Reading multiple channels#
To read multiple channels from one or more GWF files (rather than opening and closing the files multiple times), use the TimeSeriesDict or StateVectorDict classes, and pass a list of data channel names:
>>> data = TimeSeriesDict.read('HLV-HW100916-968654552-1.gwf', ['H1:LDAS-STRAIN', 'L1:LDAS-STRAIN'])
Note
A mix of TimeSeries and StateVector objects can be read by using only TimeSeriesDict class, and casting the returned data to a StateVector using view().
Writing#
To write data held in any of the gwpy.timeseries classes to a GWF file, simply use:
>>> data.write('output.gwf')
If the output file already exists it will be overwritten, use overwrite=False to
prevent this (an OSError will be raised).
Note
When writing a timeseries to a GWF, the TimeSeries.name
property is used for the name variable of the GWF data structures
(FrProcData and FrVect).
So, if you want to write a file and then read it back in, you must ensure
that the name property is correctly assigned, e.g:
>>> channel = "L1:CHANNEL_NAME"
>>> output_file = "output.gwf"
>>> data = TimeSeries([1, 2, 3])
>>> data.name = channel
>>> data.write(output_file)
>>> data = TimeSeries.read(output_file, channel)
HDF5#
GWpy allows storing data in HDF5 format files, using a custom specification for storage of metadata.
Warning
To read GWOSC data from HDF5, please see HDF5 (GWOSC).
Reading#
To read TimeSeries or StateVector data held in HDF5 files pass the filename (or filenames) or the source, and the path of the data inside the HDF5 file:
>>> data = TimeSeries.read('HLV-HW100916-968654552-1.hdf', 'L1:LDAS-STRAIN')

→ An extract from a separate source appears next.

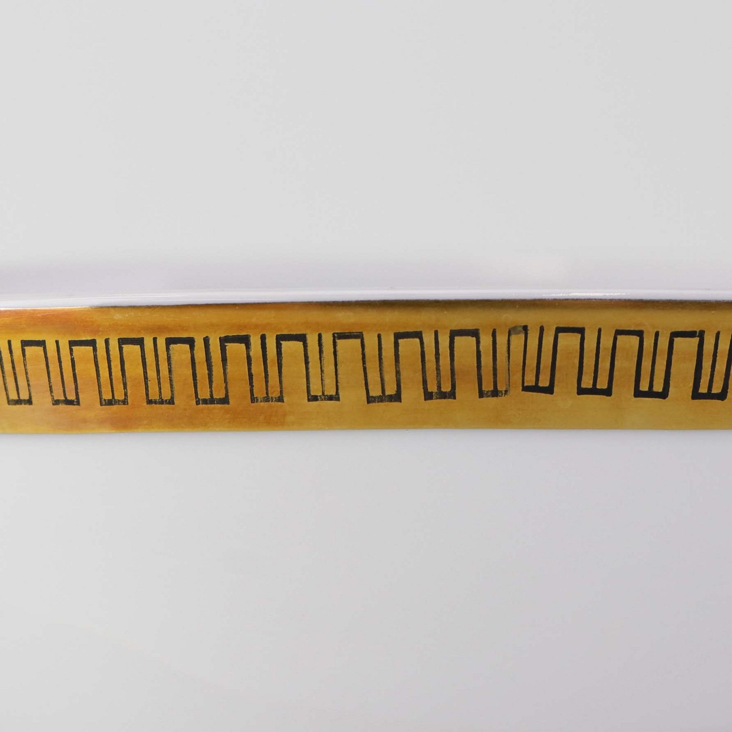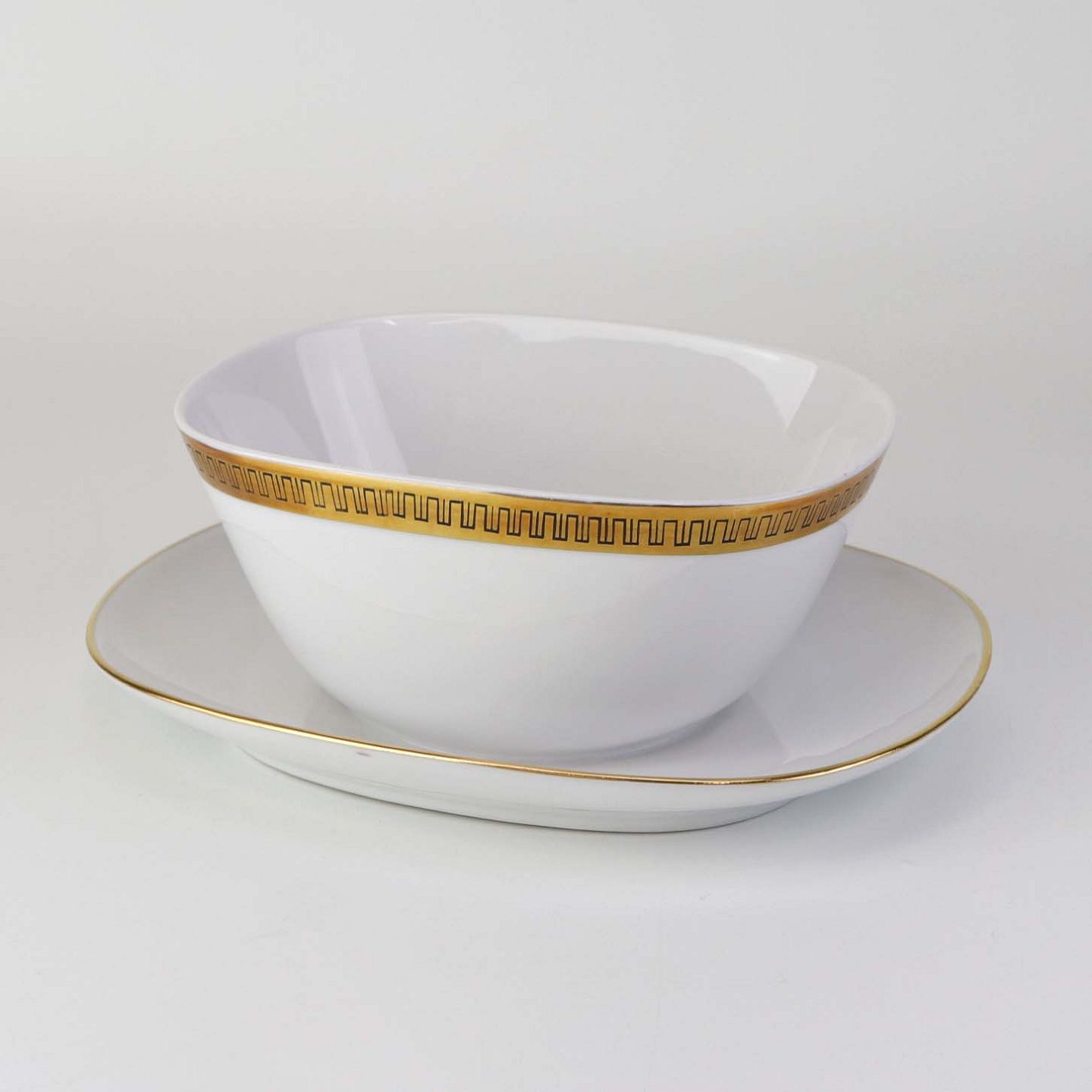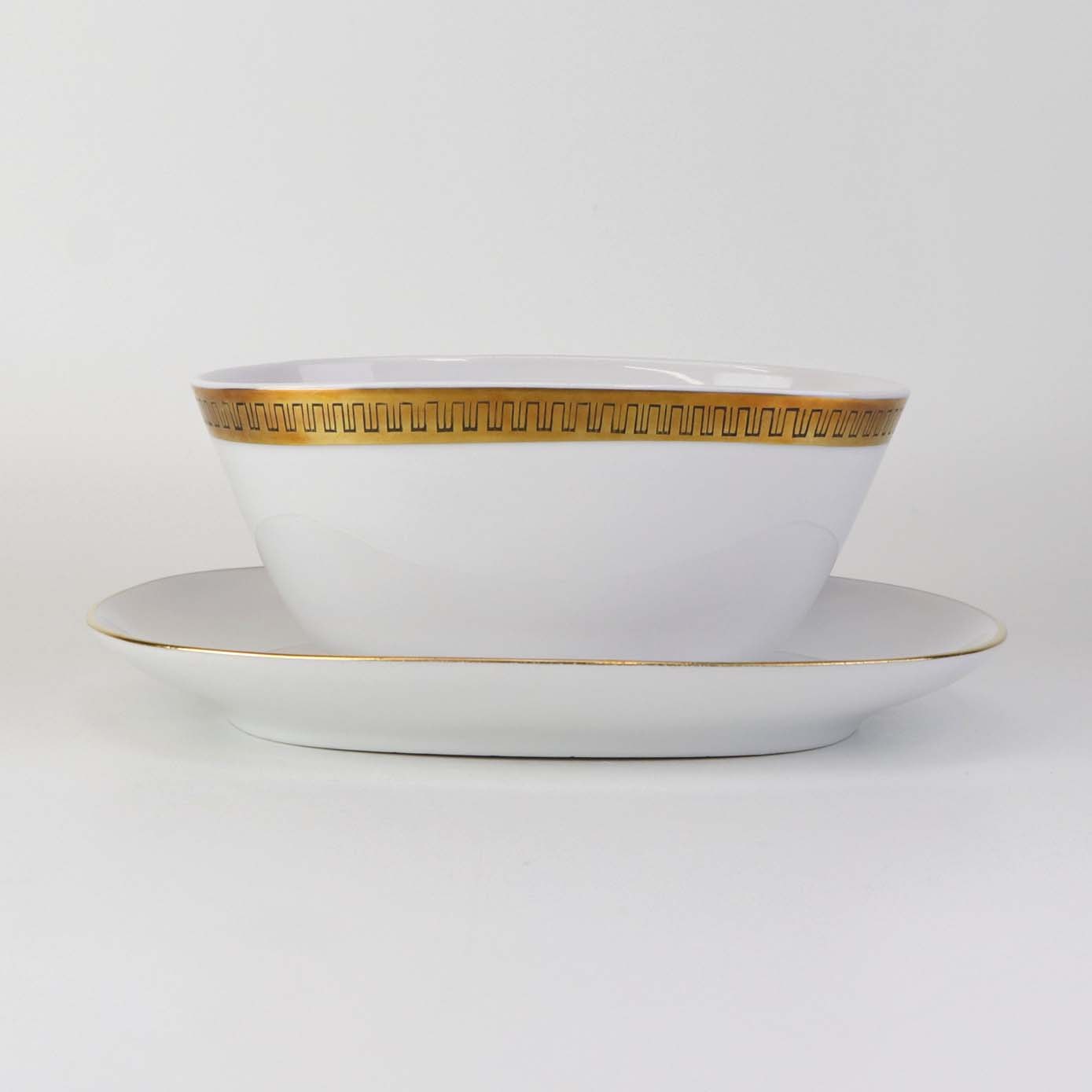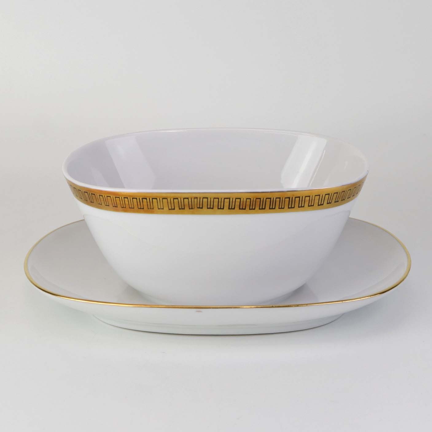 Stel i glat hvidt porcelæn dekoreret med sort streg i guldbort.

As with GWF, the start and end keyword arguments can be used to downselect data to a specific [start, end) time segment when reading:
>>> data = TimeSeries.read('HLV-HW100916-968654552-1.hdf', 'L1:LDAS-STRAIN', start=968654552.5, end=968654553)
Analogously to GWF, you can read multiple TimeSeries from an HDF5 file via TimeSeriesDict.read():
>>> data = TimeSeriesDict.read('HLV-HW100916-968654552-1.hdf')

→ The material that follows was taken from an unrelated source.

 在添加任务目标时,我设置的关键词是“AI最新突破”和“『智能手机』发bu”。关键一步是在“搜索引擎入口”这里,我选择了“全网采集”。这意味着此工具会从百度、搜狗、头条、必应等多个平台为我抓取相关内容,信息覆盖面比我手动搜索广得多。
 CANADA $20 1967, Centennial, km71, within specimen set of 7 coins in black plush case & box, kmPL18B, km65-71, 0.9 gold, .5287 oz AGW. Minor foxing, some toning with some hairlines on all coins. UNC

By default, all matching datasets in the file will be read, to restrict the output, specify the names of the datasets you want:
>>> data = TimeSeriesDict.read('HLV-HW100916-968654552-1.hdf', ['H1:LDAS-STRAIN', 'L1:LDAS-STRAIN'])
Writing#
Data held in a TimeSeries, TimeSeriesDict, `StateVector, or StateVectorDict can be written to an HDF5 file via:
>>> data.write('output.hdf')
The output argument ('output.hdf') can be a file path, an open h5py.File object, or a h5py.Group object, to append data to an existing file.

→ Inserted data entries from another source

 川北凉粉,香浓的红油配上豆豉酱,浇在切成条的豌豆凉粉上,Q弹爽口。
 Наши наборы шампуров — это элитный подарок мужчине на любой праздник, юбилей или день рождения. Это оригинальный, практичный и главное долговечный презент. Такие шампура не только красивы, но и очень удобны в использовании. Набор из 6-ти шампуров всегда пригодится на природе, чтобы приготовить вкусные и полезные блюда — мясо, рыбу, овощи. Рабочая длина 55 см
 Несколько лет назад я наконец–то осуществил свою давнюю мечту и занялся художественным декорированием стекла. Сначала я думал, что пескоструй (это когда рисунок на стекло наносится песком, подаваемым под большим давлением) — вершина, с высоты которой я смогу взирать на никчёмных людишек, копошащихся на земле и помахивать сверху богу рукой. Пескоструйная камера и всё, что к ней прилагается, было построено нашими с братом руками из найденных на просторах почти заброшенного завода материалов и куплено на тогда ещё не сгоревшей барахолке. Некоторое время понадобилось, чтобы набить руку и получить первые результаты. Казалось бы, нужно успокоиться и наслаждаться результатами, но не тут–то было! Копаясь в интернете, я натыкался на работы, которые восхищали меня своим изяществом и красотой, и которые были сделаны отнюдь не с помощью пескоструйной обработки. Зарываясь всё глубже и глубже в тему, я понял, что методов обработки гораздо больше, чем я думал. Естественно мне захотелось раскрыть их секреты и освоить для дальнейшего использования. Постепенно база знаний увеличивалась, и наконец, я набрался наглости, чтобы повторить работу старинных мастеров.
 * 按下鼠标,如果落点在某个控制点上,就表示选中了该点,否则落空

If the target file already exists, an IOError will be raised, use overwrite=True to force a new file to be written.
To write a TimeSeries to an existing file, use append=True:
>>> data.write('output.hdf', append=True)
To replace an existing dataset in an existing file, while preserving other data, use both append=True and overwrite=True:
>>> data.write('output.hdf', append=True, overwrite=True)
HDF5 (GWOSC)#
GWOSC write data in HDF5 using a custom schema that is incompatible
with format='hdf5'.
Reading#
GWpy can read data from GWOSC HDF5 files using the format='hdf5.gwosc'
keyword:
>>> data = TimeSeries.read(
... "H-H1_GWOSC_16KHZ_R1-1187056280-4096.hdf5",
... format="hdf5.gwosc",
... )
By default, TimeSeries.read() will return the contents of the
/strain/Strain dataset, while StateVector.read() will return those
of /quality/simple.
It’s possible to change which datasets are read with the path, value_dataset
and bits_dataset keywords.
For instance to read injections flags:
>>> injections = StateVector.read(
... "H-H1_GWOSC_16KHZ_R1-1187056280-4096.hdf5",
... format="hdf5.gwosc",
... path="quality/injections",
... value_dataset="Injmask",
... bits_dataset="InjDescriptions",
... )
As with regular HDF5, the start and end keyword arguments can be used
to downselect data to a specific [start, end) time segment when reading.
WAV#
Any TimeSeries can be written to / read from a WAV file using TimeSeries.read():
Warning
No metadata are stored in the WAV file except the sampling rate, so any units or GPS timing information are lost when converting to/from WAV.
Reading#
To read a TimeSeries from WAV:
>>> t = TimeSeries.read('data.wav')
See scipy.io.wavfile.read() for any keyword argument options.
Writing#
To write a TimeSeries to WAV:
>>> t.write('data.wav')
See scipy.io.wavfile.write() for keyword argument options.